You only need to know one thing about Team USA's loss to Greece- 14 missed free-throws. Period, end of story, we also missed 15 FT's in the bronze medal game but still won by 15, thats pretty impressive. Everybody wants to throw out the tired excuses about eroding fundamentals in every aspect of USA Basketball, (which for the most part are bogus, btw), but the one true fundamental that I will attest to being lackluster is free-throw shooting. You don't even have to be a good shooter to be a good FT shooter, truthfully, you just need to actually practise them and get timing and technique down. I can look at many players, both American and international, and tell that they don't even practice their FT's. Why the hell do you think they call them FT's?, because that is what they are, free points. But unfortunately most basketball players today don't realise this. I look at Shaq and can tell the guy doesn't even give FT's a second thought which is just dumb. If Team USA would have shot 80% from the stripe as a team then they probably would have had a 100% chance of earning gold, pure and simple. It has to be the most simple play next to a layup in basketball.


----------



## DKaiser

bender said:


> Navarro plays like Steve Nash w/out the playmaking skills, which means he's an undersized off-guard with mediocre scoring abilities.


Note that in international play, there's no real division between point guard and shooting guard. Most teams have guys that play both...and Navarro's that type of a guard. Don't judge him by the number of points he makes. I watched him play in this year's Worlds. He just played it right.


----------



## DKaiser

BucketDawg said:


> If Team USA would have shot 80% from the stripe as a team then they probably would have had a 100% chance of earning gold, pure and simple.

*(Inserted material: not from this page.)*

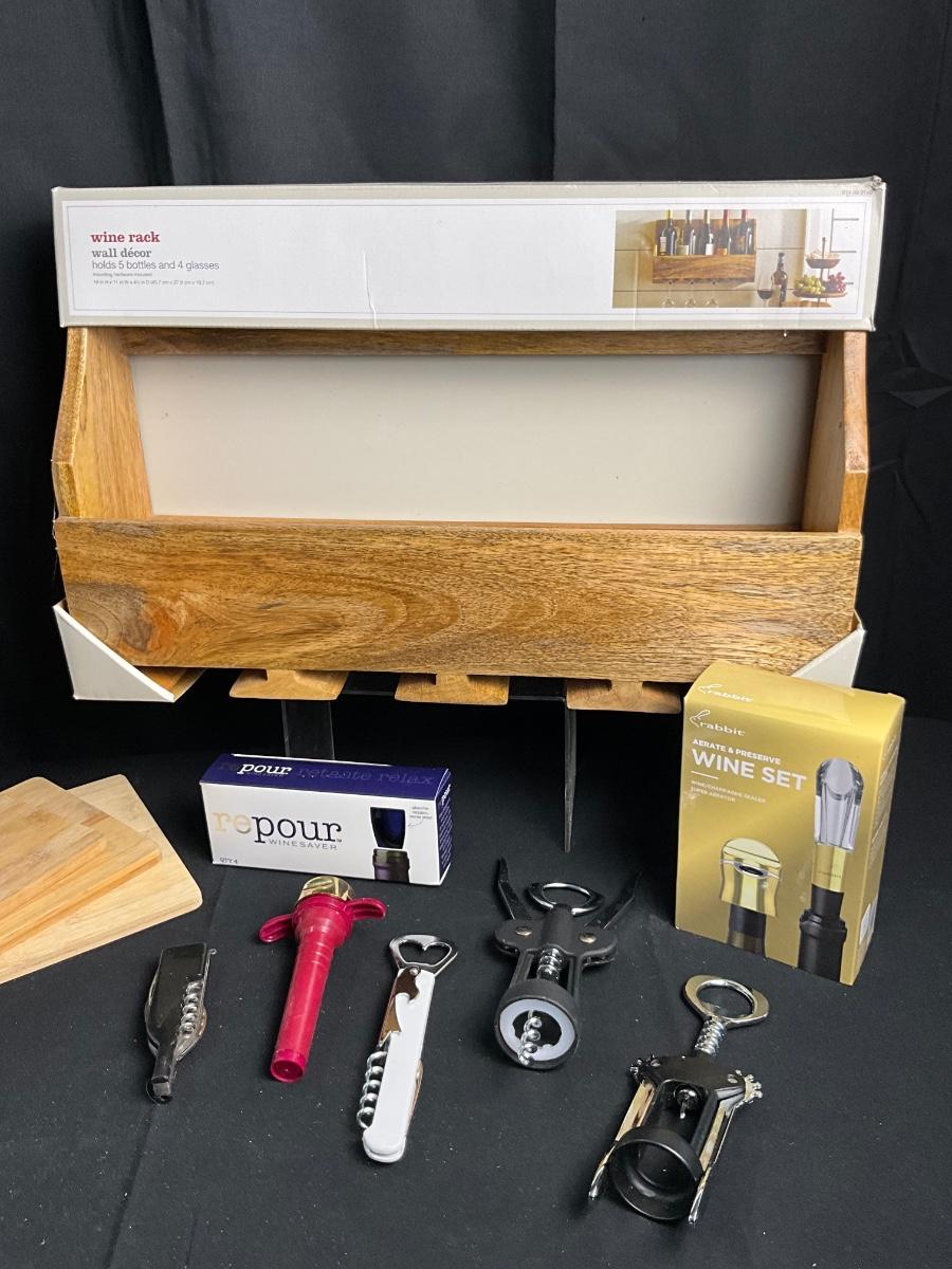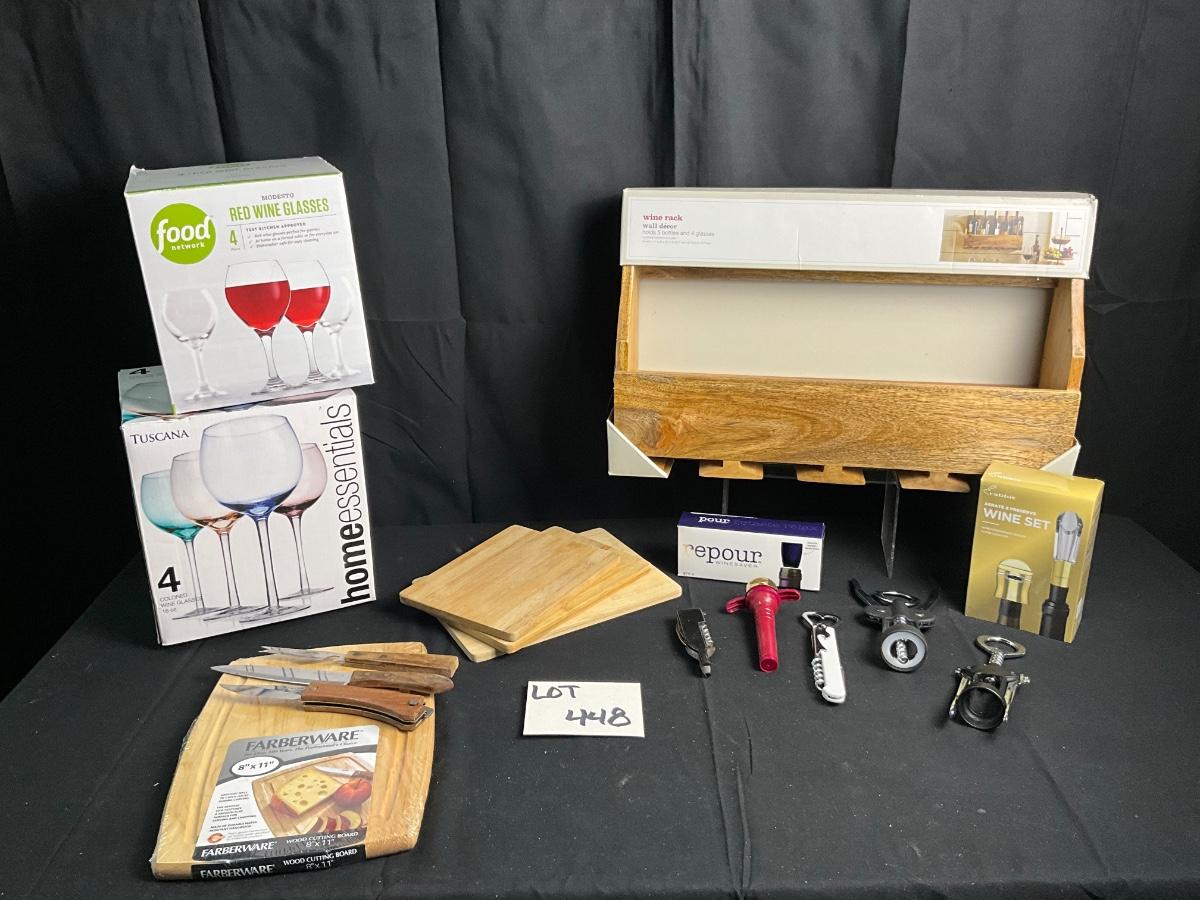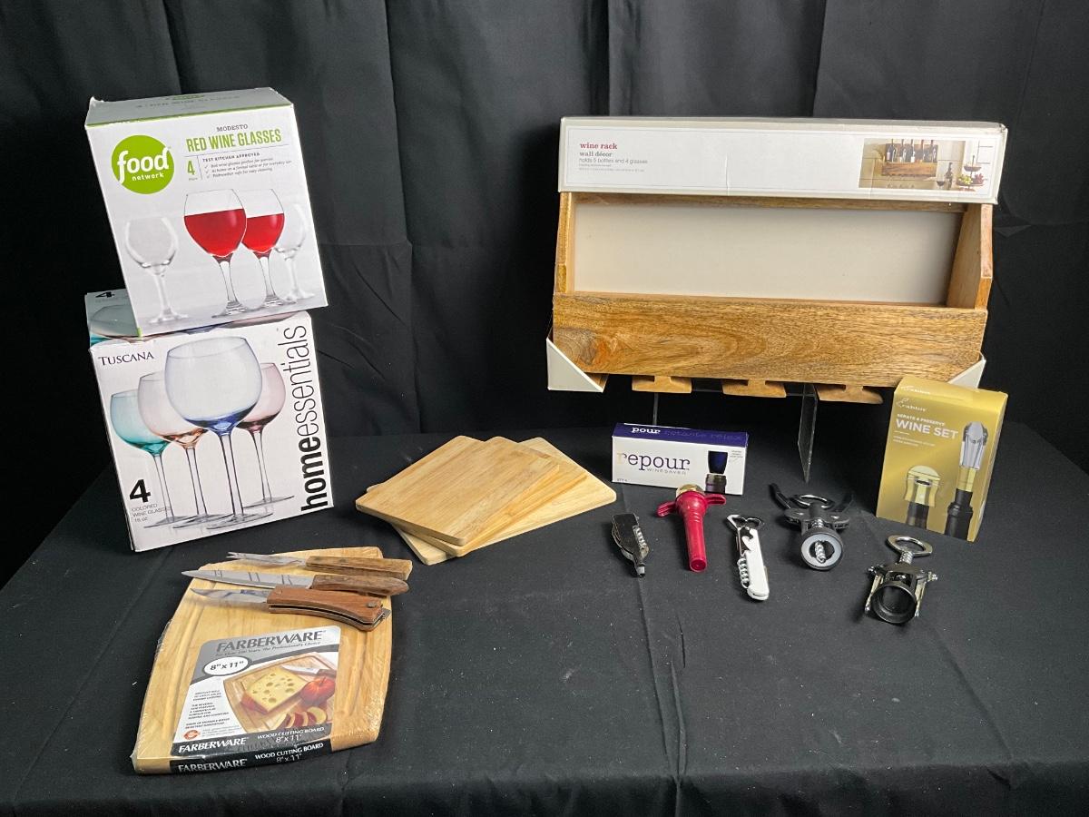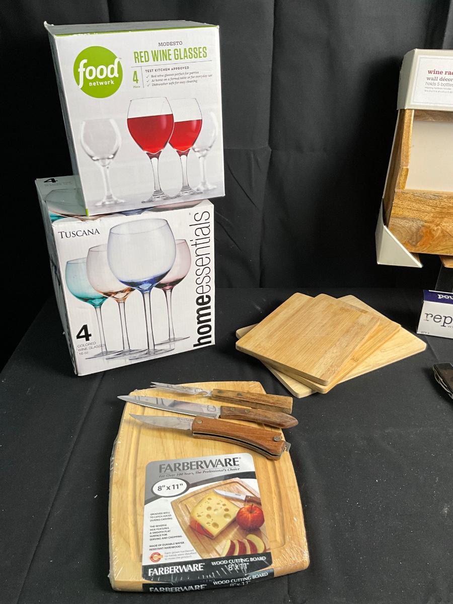 Lot R 448. Wooden Wine Rack / NIB Two Sets of Four Wine Glasses / Cork Screws / NWT Cheese Board and more

Agree with the IF...but that's a bigger IF actually. IF they hit their FTs, IF they can shoot their jumpers, IF they play better team defense, etc. Fundamental things that have given way to windmill dunks and other fancy stuffs.


----------



## DKaiser

jaja said:


> would you say spain's 6th place or so finish in athens accurately reflected the strenght of the team?


Would you say Spain's Gold Medal finish (and their Dream Team-like dominance...except for that nail-biter against another USA conqueror, Argentina) accurately reflected the strength of that team?


----------



## BucketDawg

USA conqueror? didn't Argentina get smacked by 15 points, Argentina went down with a whimper.


----------



## DKaiser

Skydivedan said:


> Don't forget Darius Miles, Stromile Swift, Jason Williams, Antoine Walker, and just about anyone who didn't play college ball.


Yes...and like the infomercials would say..."But wait! there's more...."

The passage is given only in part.